The Violent Kind
The Violent Kind (USA - 2010)
Réalisation/Scénario : The Butcher Brothers
Interprétation : Cory Knauf, Taylor Cole, Bret Roberts |voir le reste du casting
Auteurs d’un petit film de vampires plutôt original (The Hamiltons, 2006), les autoproclamés frères Bouchers (à la ville, Mitchell Altieri et Phil Flores) avaient de quoi inquiéter avec cette histoire de gang de bikers promis à un huis-clos horrifique.
L’affiche ne rassurait pas tellement, puisqu’elle annonçait un film brutal et réaliste, loin de l’étrangeté fantastique de leur premier essai. Et le début du long-métrage semble hélas bien fidèle à sa promotion. Une bande de motards patibulaires déclenchent une baston pour s’amuser, instaurant un climat initial de violence sans objet, le générique allant jusqu’à singer celui du Devil’s Rejects de Rob Zombie. On tombe donc dans une sorte de prostration initiale qui nous fait craindre l’heure et demie à venir, et la descente aux enfers brutale et voyeuriste attendue ; les deux cinéastes montrant très vite une posture de démonstration glorificatrice à l’encontre de ses anti-héros, fustigés comme de pathétiques monstres ordinaires.
Le premier revirement bienvenu surgit alors que l’on suit l’un des membres du gang, visiblement bien peu à sa place dans cet univers de violence continue et désespéré.

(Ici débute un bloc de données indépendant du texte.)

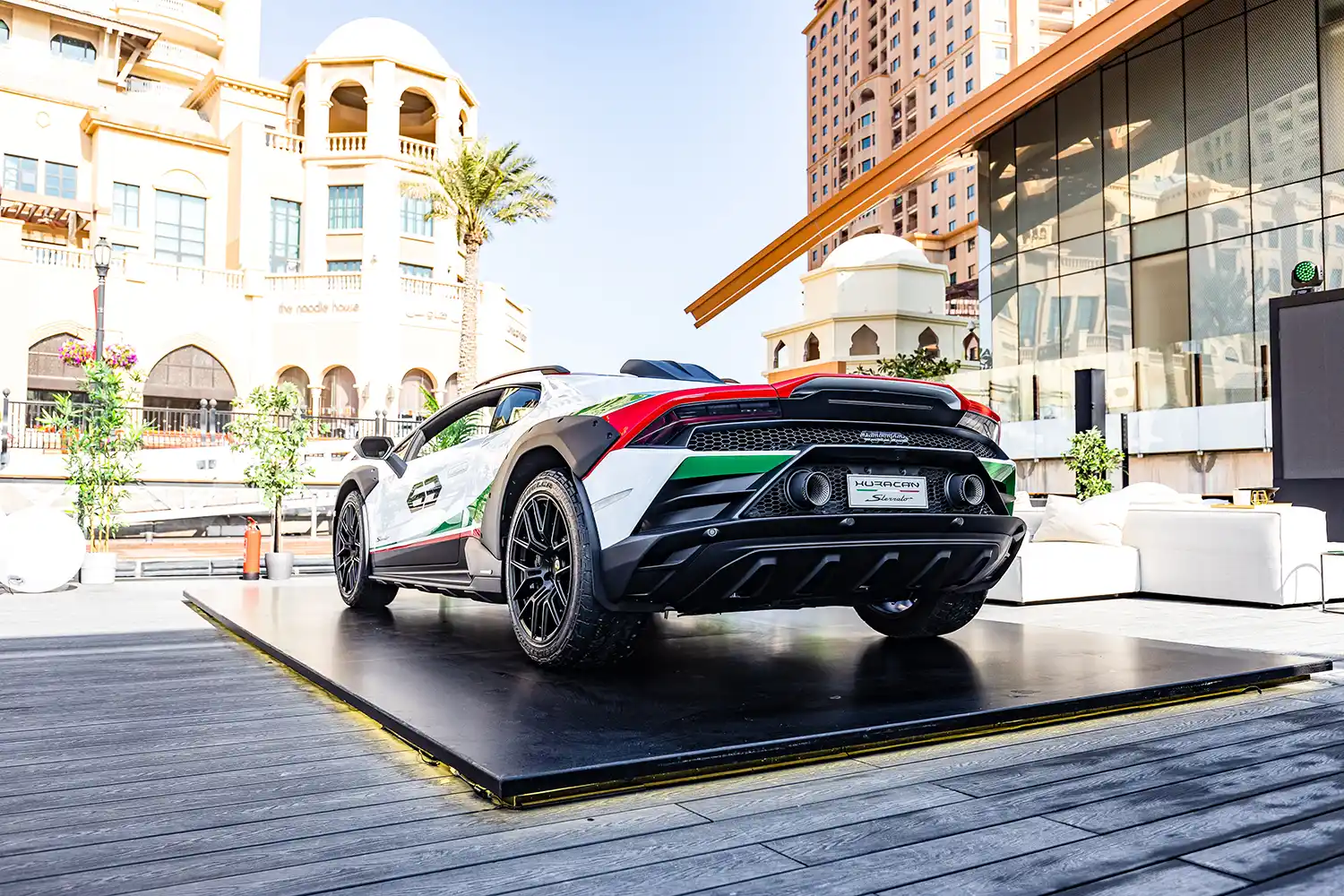Customers joining Lamborghini in its pop-up Lounge floating on a pontoon in Doha Bay, were also able to consult Lamborghini’s Ad Personam specialists to configure their new Sterrato, selecting from more than 350 exterior paints and finishes, 60 internal leathers and a host of other finishes and options for virtually unlimited personalization potential.

S’ensuit, tout au long d’une soirée durant laquelle notre joyeuse bande met autant de ferveur à s’amuser et à se saouler qu’elle en avait à se battre, la mise en place de ce personnage perdu entre l’incompréhension de cette famille ontologiquement violente qui l’a vu naître, et l’impossibilité franche de s’évader de l’univers dans lequel il est inscrit malgré lui. Les personnages, à cet instant, n’opèrent pas le moindre revirement mais acquièrent, grâce à notre « héros », l’aura tragique d’un destin qu’ils n’auront pas choisi.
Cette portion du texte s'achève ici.